§ EXERCISE OBJECTIVE:
Only one stretch of the material below is wanted: everything from the line containing "Caneca Porcelana para" down to the line containing "Схема встраивания на", both ends included. Repeat it exactly and skip the pictures.

§ SOURCE MATERIAL:
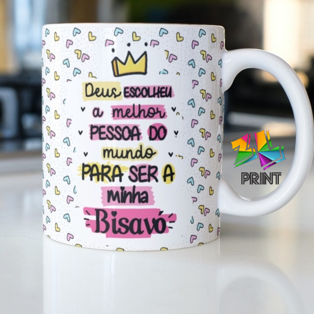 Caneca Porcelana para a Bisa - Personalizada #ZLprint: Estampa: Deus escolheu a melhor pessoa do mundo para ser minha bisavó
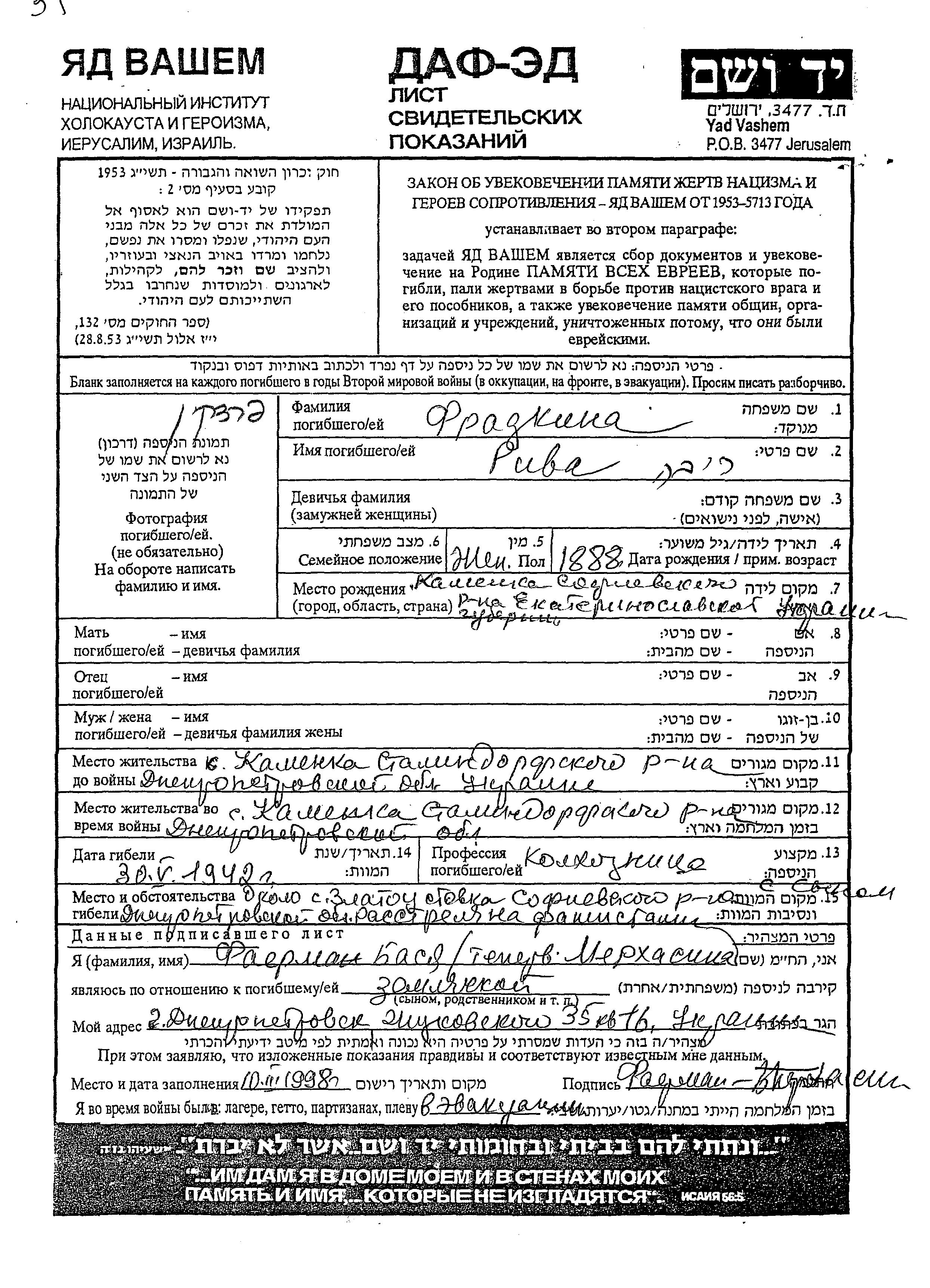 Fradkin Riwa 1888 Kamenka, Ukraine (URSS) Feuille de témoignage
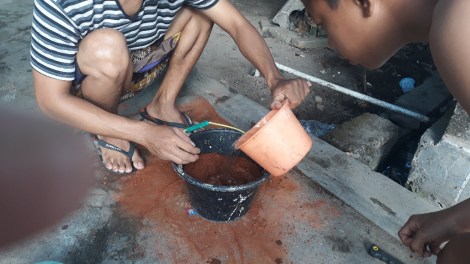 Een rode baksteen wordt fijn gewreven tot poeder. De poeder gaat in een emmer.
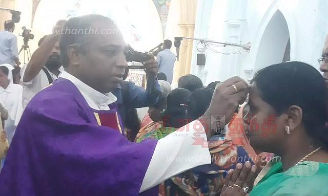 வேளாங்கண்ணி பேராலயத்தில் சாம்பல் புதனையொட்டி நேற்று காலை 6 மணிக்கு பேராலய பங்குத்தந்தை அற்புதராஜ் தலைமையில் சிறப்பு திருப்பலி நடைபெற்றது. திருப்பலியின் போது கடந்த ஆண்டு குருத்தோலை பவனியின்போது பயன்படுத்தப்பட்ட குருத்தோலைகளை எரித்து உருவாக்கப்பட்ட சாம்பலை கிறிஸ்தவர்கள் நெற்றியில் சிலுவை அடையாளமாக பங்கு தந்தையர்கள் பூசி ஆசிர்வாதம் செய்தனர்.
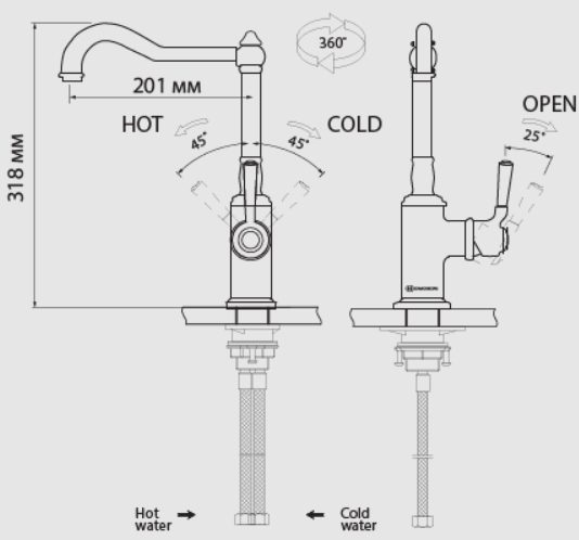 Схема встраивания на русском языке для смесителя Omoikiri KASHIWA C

==

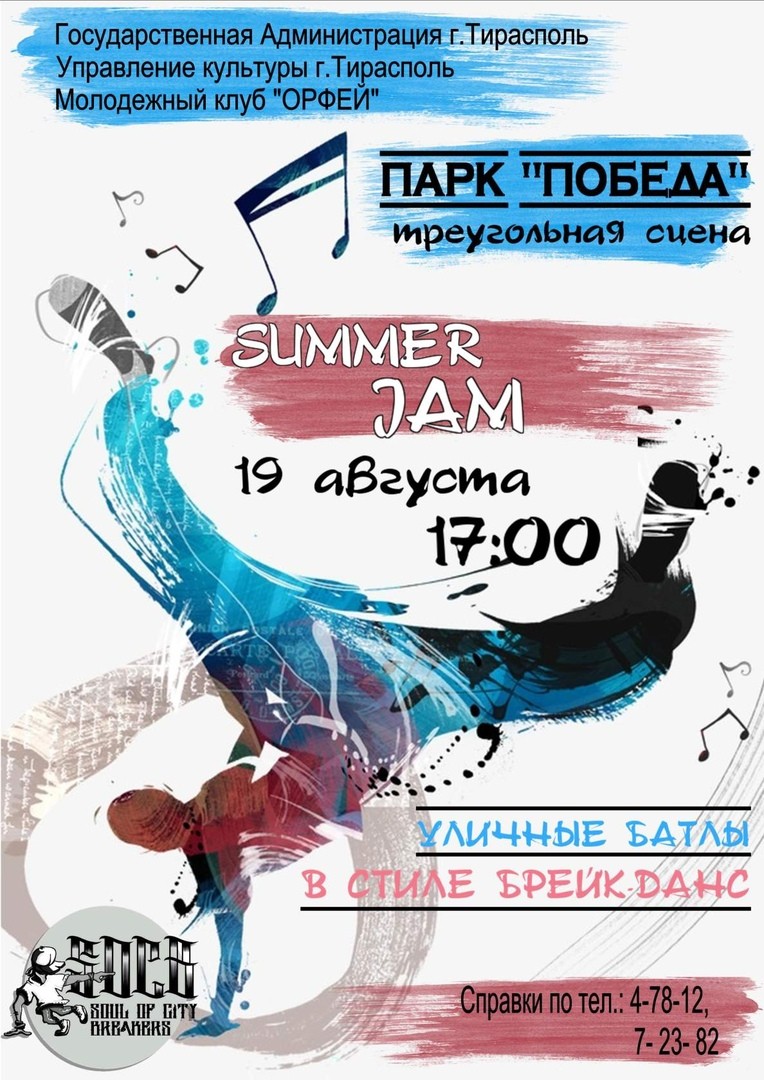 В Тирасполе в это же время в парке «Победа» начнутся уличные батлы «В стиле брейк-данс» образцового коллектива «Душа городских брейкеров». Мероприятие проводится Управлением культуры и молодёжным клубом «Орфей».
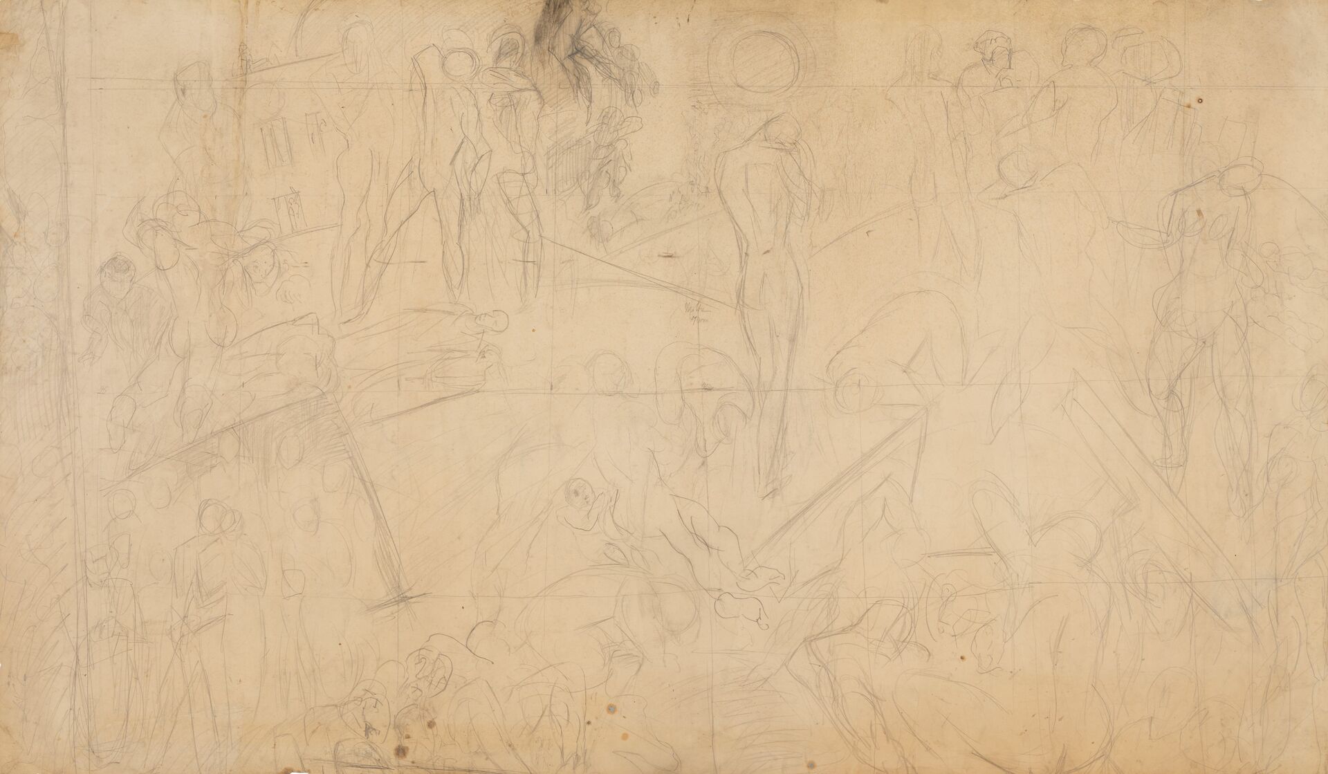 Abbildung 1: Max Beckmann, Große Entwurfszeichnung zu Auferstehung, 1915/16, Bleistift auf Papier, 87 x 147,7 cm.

§ WRITTEN SOLUTION:
 Caneca Porcelana para a Bisa - Personalizada #ZLprint: Estampa: Deus escolheu a melhor pessoa do mundo para ser minha bisavó
 Fradkin Riwa 1888 Kamenka, Ukraine (URSS) Feuille de témoignage
 Een rode baksteen wordt fijn gewreven tot poeder. De poeder gaat in een emmer.
 வேளாங்கண்ணி பேராலயத்தில் சாம்பல் புதனையொட்டி நேற்று காலை 6 மணிக்கு பேராலய பங்குத்தந்தை அற்புதராஜ் தலைமையில் சிறப்பு திருப்பலி நடைபெற்றது. திருப்பலியின் போது கடந்த ஆண்டு குருத்தோலை பவனியின்போது பயன்படுத்தப்பட்ட குருத்தோலைகளை எரித்து உருவாக்கப்பட்ட சாம்பலை கிறிஸ்தவர்கள் நெற்றியில் சிலுவை அடையாளமாக பங்கு தந்தையர்கள் பூசி ஆசிர்வாதம் செய்தனர்.
 Схема встраивания на русском языке для смесителя Omoikiri KASHIWA C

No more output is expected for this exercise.